L’hôpital sanctionné a été victime de deux attaques informatiques : (i) une première en 2019 et (ii) une seconde en 2021. C’est à la suite de cette seconde attaque qu’une enquête a été initiée par le service d’inspection de l’autorité de protection des données. Les enquêteurs en charge de la réalisation de cette enquête ont considéré que l’hôpital n’avait pas entrepris les démarches nécessaires pour se conformer au RGPD, et ce malgré la première attaque informatique subie en 2019. Bien que cette conclusion ait été contestée par l’hôpital, la chambre contentieuse a jugé que les constats faits par les enquêteurs étaient vérifiés et a sanctionné financièrement l’hôpital.
La décision rendue intéressera certainement les hôpitaux en raison du fait que la chambre contentieuse précise dans sa décision certaines mesures techniques ou organisationnelles qui doivent être appliquées en matière de sécurité par les hôpitaux. Ainsi, l’on peut par exemple lire dans la décision que la chambre contentieuse considère qu’un mot de passe dont la longueur est inférieure à 12 caractères n’est pas suffisamment robuste pour être utilisé en milieu hospitalier (voir points n°122 et 123 de la décision). En matière de formation du personnel, la chambre contentieuse indique que les employés des hôpitaux doivent recevoir une formation appropriée et régulière (point n°99 de la décision). Ces formations doivent être dispensées à suffisamment de collaborateurs. Dans la décision attaquée, la chambre contentieuse a jugé que les mesures de formation n’étaient pas satisfaisantes car « ces formations ne s’appliquent qu’à une infime proportion des membres du personnel (…) » (point n°104 de la décision).

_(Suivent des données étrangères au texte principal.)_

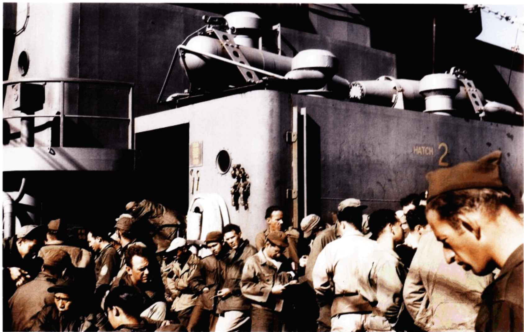
挤满甲板的美国军人

Nul doute qu’il est recommandé aux hôpitaux de prendre en compte ces enseignements dans la mise en œuvre des mesures organisationnelles pour le futur. D’autres aspects des mesures organisationnelles sont évalués par la chambre contentieuse dans sa décision.
La chambre contentieuse s’est également prononcée sur la nature juridique de l’hôpital. En Belgique, une « autorité publique » au sens du RGPD et de la loi du 30 juillet 2018 ne peut pas se voir imposer une amende (pour autant qu’elle n’offre pas des biens ou des services sur un marché) en application de l’article 122, §2 de la loi du 30 juillet 2018 « relative à la protection des personnes physiques à l’égard des traitements de données à caractère personnel ». L’hôpital concerné – qui est une ASBL de droit privé – défendait la thèse selon laquelle il devait être assimilé à une autorité publique. Cette thèse n’a pas été suivie par la chambre contentieuse. Pour être assimilé à une autorité publique, un hôpital doit démontrer que trois conditions sont réunies (article 5, 3° de la loi du 30 juillet 2018):
i. L'hôpital doit avoir été créé pour satisfaire spécifiquement des besoins d'intérêt général ayant un caractère autre qu'industriel ou commercial; et
ii. L'hôpital doit être doté de la personnalité juridique; et
iii. L'activité de l'hôpital doit correspondre à au moins un des critères suivants:
a. soit être financée majoritairement par l'état fédéral, les entités fédérées et les autorités locales (ou des personnes morales de droit public qui en dépendent);
b. soit la gestion de l'hôpital doit être soumise à un contrôle des autorités publiques; ou
c. soit plus de la moitié des membres de l'organe d'administration, de direction ou de surveillance sont désignés par ces autorités ou organismes.
Dans sa décision, la chambre contentieuse a considéré que la première ainsi que la troisième condition n’étaient pas remplies par l’hôpital pour lui permettre d’être assimilé à une autorité publique. L’analyse de la chambre contentieuse sur ce point est selon nous discutable. Si l’hôpital en question interjette appel de cette décision, il sera intéressant de voir si la cour des marchés se rallie à la conclusion de la chambre contentieuse (ou non).
En résumé, au-delà du caractère important de la sanction prononcée, la décision rendue par la chambre contentieuse sera utile aux hôpitaux qui souhaitent déterminer si certaines des mesures organisationnelles et techniques actuellement mises en place sont conformes aux attentes de la chambre contentieuse. La décision rendue permet également de mesurer les attentes de la chambre contentieuse en matière de protection des données à caractère personnel en milieu hospitalier.